Dismembrance of Things Past
400-year-old head is Henri IV: scientists
An embalmed head that has passed between private collectors for more than 200 years is that of King Henri IV of France, British scientists have confirmed.
The scientists used a variety of techniques, including forensic and genetic tests, to identify the head, according to a report published Wednesday in the British Medical Journal.
The head was long believed to have belonged to Henri IV, who was assassinated in 1610 at the age of 57.
It is said to have gone missing in 1793, when revolutionaries raided French kings’ graves at the Cathedral Basilica of Saint-Denis, outside Paris.
Scientists said the head had been preserved excellently, “with all soft tissues and internal organs well conserved.”
They compared marks on the head with features seen in portraits of the king, such as a lesion above his right nostril, a piercing in his right earlobe and a stab wound in the bone above his upper lip.
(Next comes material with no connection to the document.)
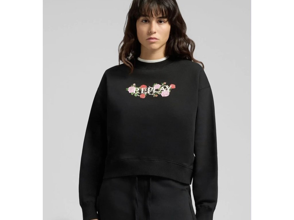 Detaily: klasická mikina přes hlavu, na hrudi je bílé, designové logo REPLAY s květy, spodní okraj a konec rukávů má náplety, velmi příjemný materiál
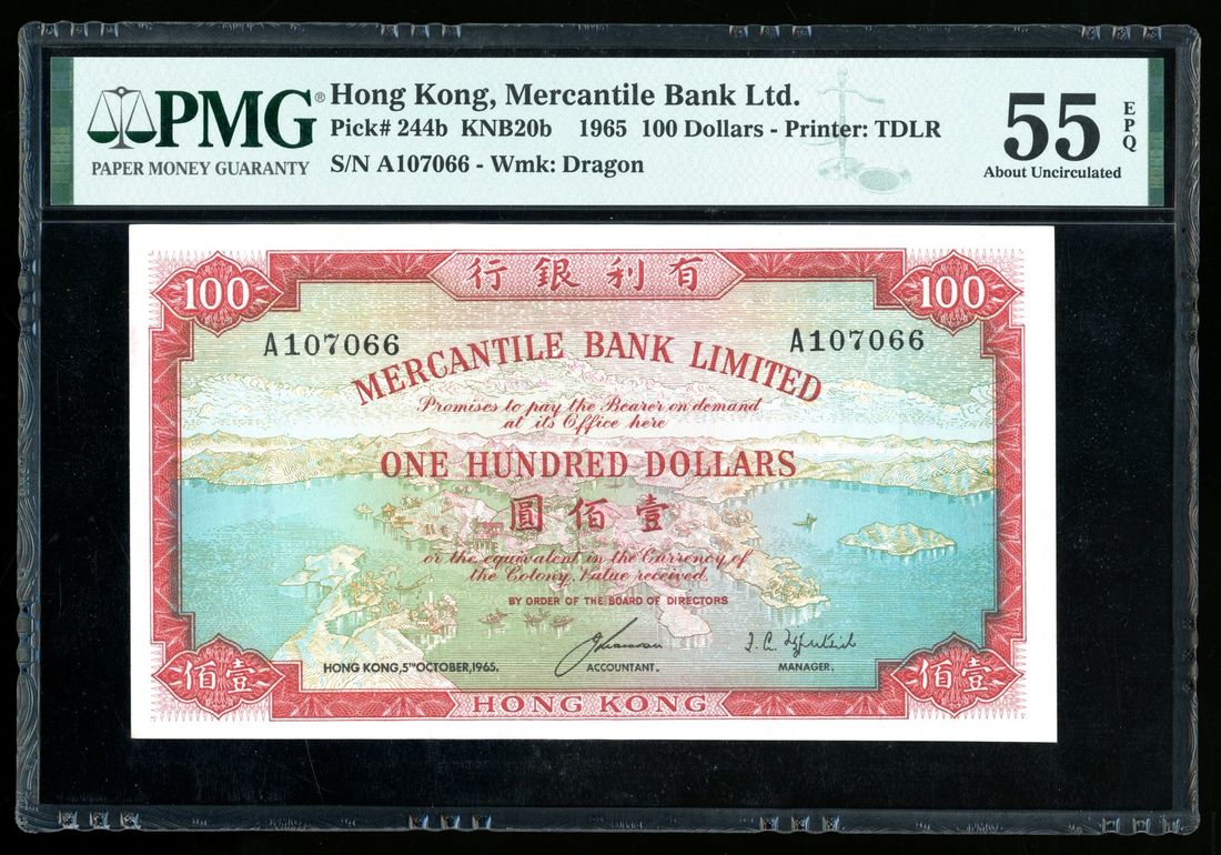 Mercantile Bank Limited, Hong Kong, $100, 5.10.1965, serial number A107066, (Pick 244b), PMG 55EPQ. An uncommon early date $100 in original condition. PMG census 2nd highest grade with EPQ and only 6 better at 58EPQ

Hair remnants matched the length and colour of hair Henri was known to have had at the time of his death.
Finally, scientists copied the skull digitally and found the reconstruction to be “fully consistent with all known representations of Henri IV and the plaster mould of his face made just after his death, which is conserved in the Sainte-Genevieve Library, Paris,” the report said.
His head will now be re-interred in the Basilica of Saint Denis after a national Mass and funeral next year, the BBC reported.
Reflecting on the late King’s very flexible religious principles, the Mass will be followed by a Protestant ceremony, followed by a Mass, followed by a Protestant ceremony, followed by a Mass. President Sarkozy will also be sitting shiva.
For more details on the remarkable Henri IV–in his pre-mortem state: https://finermanworks.com/your_rda_of_irony/2009/10/18/huguenot-2/
I wonder where those private collectors have been storing the head for all these years. In ice? Sorry. This is what I’m thinking.
Joan,
He was regifted repeatedly as a Chia pet.